One of the reasons that I love TDD, is that it promotes fast feedback. You write a line, execute the tests, and see what the results are. I write outside-in-TDD most of the time. Occasionally, I don’t have a clear idea of what tests to write, or I am doing exploratory coding.

For example, lately I’ve found myself writing a fair amount of raw SQL queries (without an ORM). SQL is finicky, and produced notoriously hard-to-decipher errors. As a consequence, I like to build up SQL in small increments, and execute the work-in-progress statement often, to see it and its output alongside each other. My workflow looks something like this:

What is going on? I selected some SQL, executed in psql, and appended the commented-out output into the same selection. After inspection, I can change the statement and repeat.

Why?

The benefit I get from this workflow is that I can iterate in small steps, get feedback on what the current code does, and continue accordingly. This workflow is heavily inspired by Ruby’s xmpfilter or the newer seeing_is_believing. Both tools take Ruby code as input, execute it, and then record all (or some) of the evaluated code as comments to the code.

How?

This workflow is made possible by leveraging the pipe Atom package. I previously described it. It allows sending the current selection in Atom to any Unix command (or series of piped commands) and replaces the selection with the output.

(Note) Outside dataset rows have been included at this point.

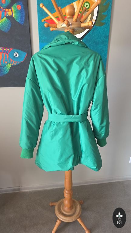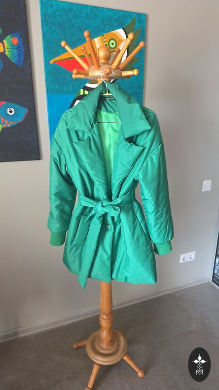 Parduodu baltą be pamušalo švarkelį, vėsiems vakarams. Švarkelio vidinė dalis yra gražiai žalios spalvos, kuri susiūta su išoriniu audiniu. Rankoves galima nešioti ir atlenktas. Dydis nurodytas 44, bet geriau tiks 42 dydžiui. Ilgis nuo peties 66 cm, krūtinė 55x2 cm, klubų plotis 58x2 cm. Paskutinėje nuotraukoje matomas mažas dėmelis virš kišenės.
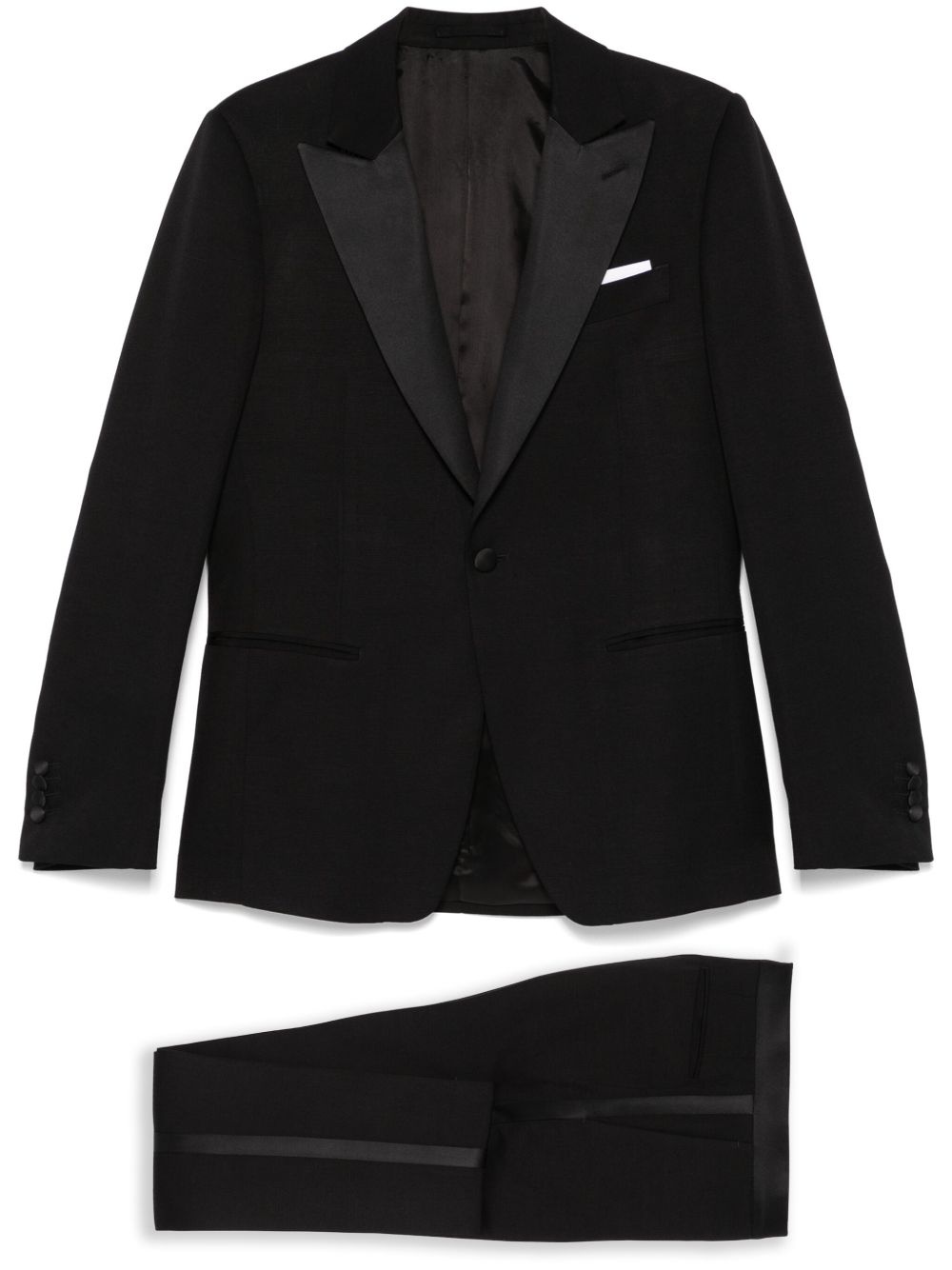 satin-trim suit Highlights - Black - Front button fastening - Concealed front button, hook and zip fastening - Internal patch pockets - English rear vents Made in Italy Composition Viscose 98%, Silk 2% SIZE & FIT Model measurements Height 6 ft 2 in(1.87 m) Bust/Chest 37.79 in(96 cm) Hips 37.79 in(96 cm) Waist 30.31 in(77 cm) FittingInformation Tailored for a slim fit, offering a comfortable fit that sits just away from the body The unfinished hems allow for the length to be altered Made from a midweight non-stretch fabric
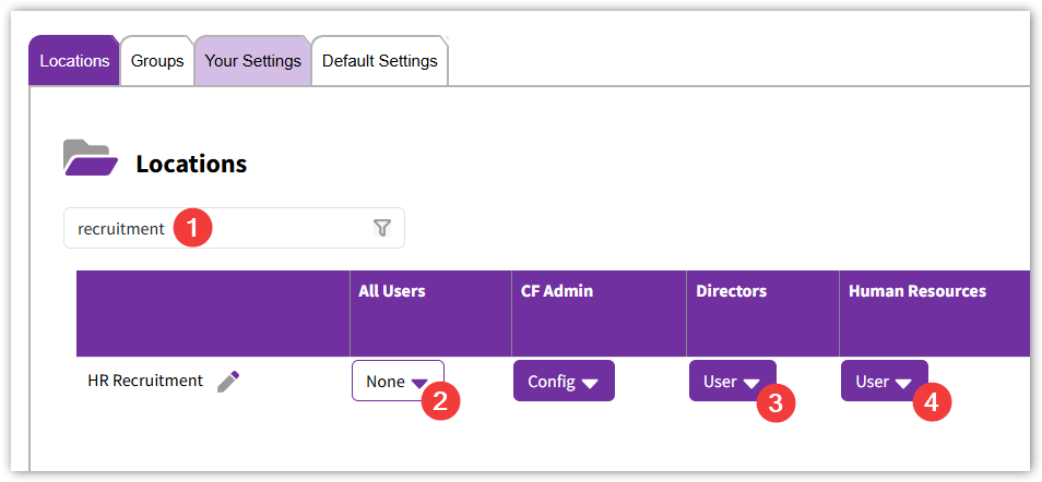 So click on the Locations tab and type recruitment in the filter box to filter down to our HR Recruitment location.

Building on top of that, I wanted a unix command (that I called io, for lack of imagination) that would output both the original input and the commented-out output:

1
2
3
4
5
6
7
8
9
10
11
12
13
14
#!/usr/bin/env bash
# Prints stdin and executes in the given program, commenting the output.

set -euo pipefail

# Determine which comment pattern to use
case $1 in
  psql)
    comment='-- ' ;;
  *)
    comment='# ' ;;
esac

grep -v "^$comment" /dev/stdin | tee >("$@" | sed "s/^/$comment/")

The case statement selects the correct comment prefix. It is customary in many Unix tools to treat a line starting with # as a comment. psql is different, in that it uses -- prefix. I haven’t needed support for anything else, but it’s easily extendible.

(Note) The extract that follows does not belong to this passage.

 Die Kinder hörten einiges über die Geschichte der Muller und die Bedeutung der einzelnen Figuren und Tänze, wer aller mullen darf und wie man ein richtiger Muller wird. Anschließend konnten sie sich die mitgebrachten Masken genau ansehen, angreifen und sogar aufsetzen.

The meat of the execution breaks down like this:

1
2
3
4
5
6
7
8
9
10
11
12
13
14
15
16
17
# Reads /dev/stdin and removes and lines starting with a comment
grep -v "^$comment" /dev/stdin

# The comment-less input, is now send to tee.
# tee will redirect the input to a file and to stdout.
| tee

# Instead of a file, we give tee a sub-shell as a file descriptor, using
# process substition.
>( )

# That subshell will execute the rest of the arguments passed to io
# as a command
"$@"

# the output is piped to sed, to add the comment prefix to every line
| sed "s/^/$comment/"

The result is that the final output is what we have been looking for: The original input without comments, plus the executed input with comments added.

From my point of view, this is a great example of the Unix philosophy: Composing utilities to create new functionality. I took advantage of the flexibility in input/output redirection and process substitution to improve my development workflow.